N’êtes-vous donc pas de retour à Paris ? Y avez-vous conservé votre logement, et cette lettre arrivera-t-elle jusqu’à vous ? Cette incertitude me pèse. Si j’étais un peu plus de ce monde, je saurais si vous avez publié quelque chose ; je l’aurais et je me mettrais ainsi en rapport avec vous. Mais écoutez bien : je vais peut-être aller me frotter aux idées du jour. Je mets Ivan en pension à Versailles, et j’ai presque décidé mon seigneur à y aller passer trois mois d’hiver. Outre la satisfaction de ma passion pour mon fils, je suis mue par la certitude de produire un effet salutaire sur mon mari. Nous sommes tombés dans un pays d’une aridité rare sous le rapport des idées, et où les choses ne l’intéressent pas assez pour suffire à sa consommation ; au lieu que, là-bas, il participera de grand cœur au mouvement général, et il remettra en valeur ses trésors, dont il ne peut pas faire usage ici.

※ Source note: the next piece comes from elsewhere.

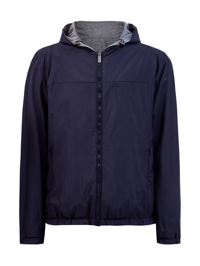 Двусторонняя мужская куртка-ветровка от Peserico характеризуется лаконичным дизайном и технологичными материалами. Модель выполнена из влаго- и ветрозащитного нейлона в оттенке индиго с одной стороны, и в меланжево-сером из хлопка — с другой. Три прорезных карманы на молниях и регулируемый капюшон завершают функциональный дизайн. Сделано в Италии.

Que dites-vous du projet ? Quand je serai sur place, la porte de Madame veuve Durand[1] me sera-t-elle ouverte ? me sera-t-il donné de vous voir, une fois au moins, dans votre sanctuaire ?

  1. Nom sous lequel Balzac se cachait, 13, rue des Batailles, à Chaillot, par crainte des créanciers et de la garde nationale.